Once knowing is no longer understood as the search for an iconic representation of ontological reality but, instead, as a search for fitting ways of behaving and thinking, the traditional problem disappears. Knowledge can now be seen as something which the organism builds up in the attempt to order the as such amorphous flow of experience by establishing repeatable experiences and relatively reliable relations between them. The possibilities of constructing such an order are determined and perpetually constrained by the preceding steps in the construction. That means that the “real” world manifests itself exclusively there where our constructions break down. But since we can describe and explain these breakdowns only in the very concepts that we have used to build the failing structures, this process can never yield a picture of a world that we could hold responsible for their failure.
Glasersfeld (1984) "An Introduction to Radical Constructivism", as cited in: Frederick Burwick, Walter Pape (1990) Aesthetic Illusion: Theoretical and Historical Approaches. pp.26-27
From an explorer who is condemned to seek 'structural properties' of an inaccessible reality, the experiencing organism now turns-into a builder of cognitive structures intended to solve such problems as the organism perceives.
Von Glasersfeld (1983) cited in: Gary D. Phye (1996) Handbook of Academic Learning: Construction of Knowledge. p. 360
What we call knowledge does not and cannot have the purpose of producing representations of an independent reality, but instead has an adaptive function. - Glasersfeld, 2001
.. in spite of the fact that it often feels as though the meaning of words and sentences were conveyed to us by the sounds of speech or the signs on a printed page, It is easy to show that meanings do not travel through space and must under all circumstances be constructed in the head of the language users.
Von Glasersfeld (1989, p. 444) cited in: Wolff-Michael Roth (2011) Passibility: At the Limits of the Constructivist Metaphor. p. 110
...I believe I have come to adopt a cybernetic way of thinking... I became aware of this in the many conversations with students who were worrying about their future and asked for advice. I heard myself telling them that it was far more important to know what one did not want to do, than to have detailed plans of what one did want to do. One day it dawned on me that this was plain cybernetic advice; It is more useful to specify constraints rather than goals. - And then I explained it by adding that in one’s teens or twenties one usually has already discovered a number of things that one cannot stand, whereas it is quite impossible to foresee what, ten or twenty years later, will provide the satisfactions needed to maintain one’s equilibrium.

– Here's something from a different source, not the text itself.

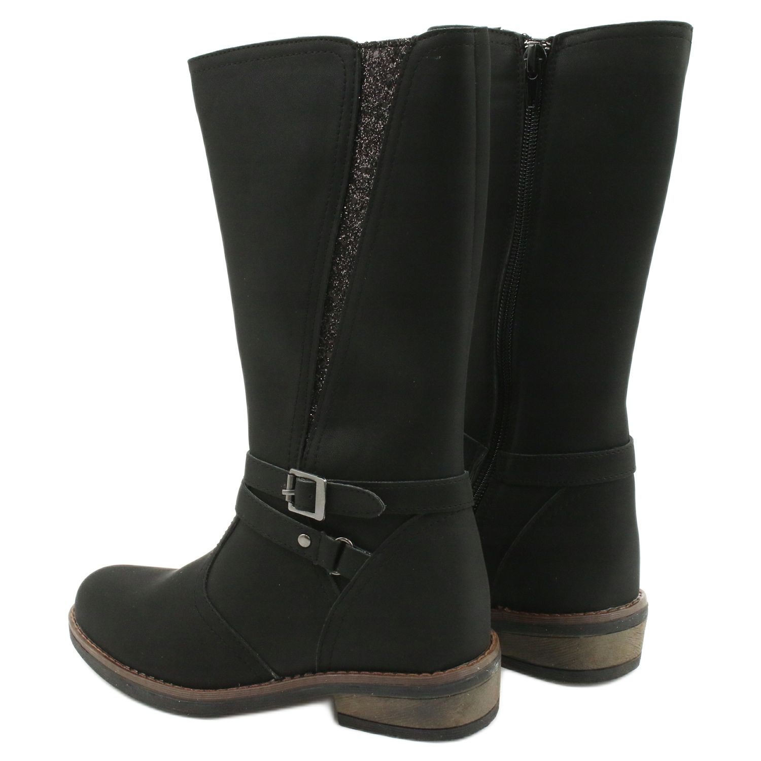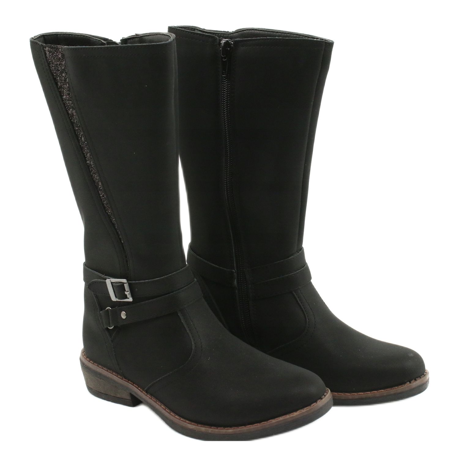 Apresentamos botas compridas americanas pretas GC24/20 com brilhos da conceituada marca American Club, que farão as delícias de qualquer pequena fashionista! Estas botas femininas são confeccionadas em couro ecológico de alta qualidade, o que as torna não só elegantes, mas também amigas do ambiente.

What we call knowledge does not and cannot have the purpose of producing representations of an independent reality, but instead has an adaptive function.

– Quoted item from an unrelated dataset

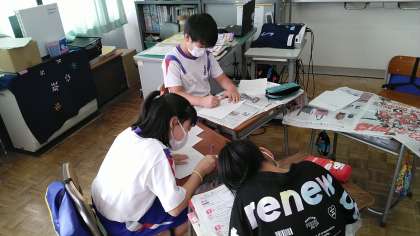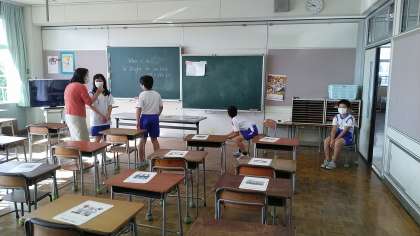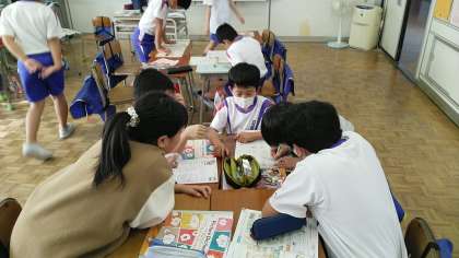 5年生の1時間目は、外国語科の学習でした。マイハウスへの行き方をグループで考えたあと、外国語専科の先生の前で、発表のリハーサルをしていました。

Von Glasersfeld cited in: E. John Capaldi, Robert W. Proctor (1999) Contextualism in psychological research?: a critical review. p. 10
For me, as I later came to say, cybernetics is the art of creating equilibrium in a world of possibilities and constraints. This is not just a romantic description, it portrays the new way of thinking quite accurately. Cybernetics differs from the traditional scientific procedure, because it does not try to explain phenomena by searching for their causes, but rather by specifying the constraints that determine the direction of their development.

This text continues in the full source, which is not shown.